---------- Extracted entries

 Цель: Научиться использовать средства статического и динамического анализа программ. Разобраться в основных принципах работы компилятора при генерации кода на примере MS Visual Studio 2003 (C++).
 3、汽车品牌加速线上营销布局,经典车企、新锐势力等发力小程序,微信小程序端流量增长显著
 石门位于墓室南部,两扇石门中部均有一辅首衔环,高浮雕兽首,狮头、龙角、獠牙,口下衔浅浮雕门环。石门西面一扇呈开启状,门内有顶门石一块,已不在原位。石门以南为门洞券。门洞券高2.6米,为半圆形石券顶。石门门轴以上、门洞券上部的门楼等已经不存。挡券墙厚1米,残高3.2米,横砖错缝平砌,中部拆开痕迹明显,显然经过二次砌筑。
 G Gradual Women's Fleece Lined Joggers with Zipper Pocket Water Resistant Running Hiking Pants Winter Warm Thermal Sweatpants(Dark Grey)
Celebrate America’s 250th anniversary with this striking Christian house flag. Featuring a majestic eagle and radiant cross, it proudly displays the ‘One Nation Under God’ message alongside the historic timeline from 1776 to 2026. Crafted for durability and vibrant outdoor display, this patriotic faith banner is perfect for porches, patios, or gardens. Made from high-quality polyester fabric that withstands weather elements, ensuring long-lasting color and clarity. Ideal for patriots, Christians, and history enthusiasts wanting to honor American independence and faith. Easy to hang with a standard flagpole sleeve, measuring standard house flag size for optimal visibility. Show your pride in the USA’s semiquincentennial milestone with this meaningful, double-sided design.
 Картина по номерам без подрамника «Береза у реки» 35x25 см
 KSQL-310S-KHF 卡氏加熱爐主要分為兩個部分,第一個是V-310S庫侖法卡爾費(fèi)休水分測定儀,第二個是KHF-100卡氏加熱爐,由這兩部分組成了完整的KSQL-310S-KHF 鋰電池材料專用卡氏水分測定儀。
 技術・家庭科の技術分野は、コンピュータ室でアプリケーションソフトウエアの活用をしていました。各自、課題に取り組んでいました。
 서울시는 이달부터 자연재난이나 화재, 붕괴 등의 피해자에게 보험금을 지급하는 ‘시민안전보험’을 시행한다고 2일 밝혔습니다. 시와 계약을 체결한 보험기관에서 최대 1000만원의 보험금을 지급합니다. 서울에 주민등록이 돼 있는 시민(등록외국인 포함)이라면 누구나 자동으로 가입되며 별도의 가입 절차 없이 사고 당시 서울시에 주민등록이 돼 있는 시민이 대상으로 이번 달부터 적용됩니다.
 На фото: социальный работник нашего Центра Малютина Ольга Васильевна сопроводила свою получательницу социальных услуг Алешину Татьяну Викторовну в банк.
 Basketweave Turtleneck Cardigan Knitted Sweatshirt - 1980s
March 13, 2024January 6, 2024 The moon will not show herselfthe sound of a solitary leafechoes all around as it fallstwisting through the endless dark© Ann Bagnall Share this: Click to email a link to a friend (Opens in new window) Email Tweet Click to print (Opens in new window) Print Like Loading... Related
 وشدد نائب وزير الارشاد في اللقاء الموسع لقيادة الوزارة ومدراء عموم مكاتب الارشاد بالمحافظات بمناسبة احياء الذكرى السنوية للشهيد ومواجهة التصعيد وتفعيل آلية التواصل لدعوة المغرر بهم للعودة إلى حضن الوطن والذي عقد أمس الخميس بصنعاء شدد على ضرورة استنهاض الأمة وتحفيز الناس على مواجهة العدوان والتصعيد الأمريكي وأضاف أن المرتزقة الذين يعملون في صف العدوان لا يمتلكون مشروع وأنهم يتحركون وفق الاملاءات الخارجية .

--------------------

### Exercise objective
Return exactly the opening lines of the listing above, ending with the line that has "石门位于墓室南部,两扇石门中".

### Result of the task
 Цель: Научиться использовать средства статического и динамического анализа программ. Разобраться в основных принципах работы компилятора при генерации кода на примере MS Visual Studio 2003 (C++).
 3、汽车品牌加速线上营销布局,经典车企、新锐势力等发力小程序,微信小程序端流量增长显著
 石门位于墓室南部,两扇石门中部均有一辅首衔环,高浮雕兽首,狮头、龙角、獠牙,口下衔浅浮雕门环。石门西面一扇呈开启状,门内有顶门石一块,已不在原位。石门以南为门洞券。门洞券高2.6米,为半圆形石券顶。石门门轴以上、门洞券上部的门楼等已经不存。挡券墙厚1米,残高3.2米,横砖错缝平砌,中部拆开痕迹明显,显然经过二次砌筑。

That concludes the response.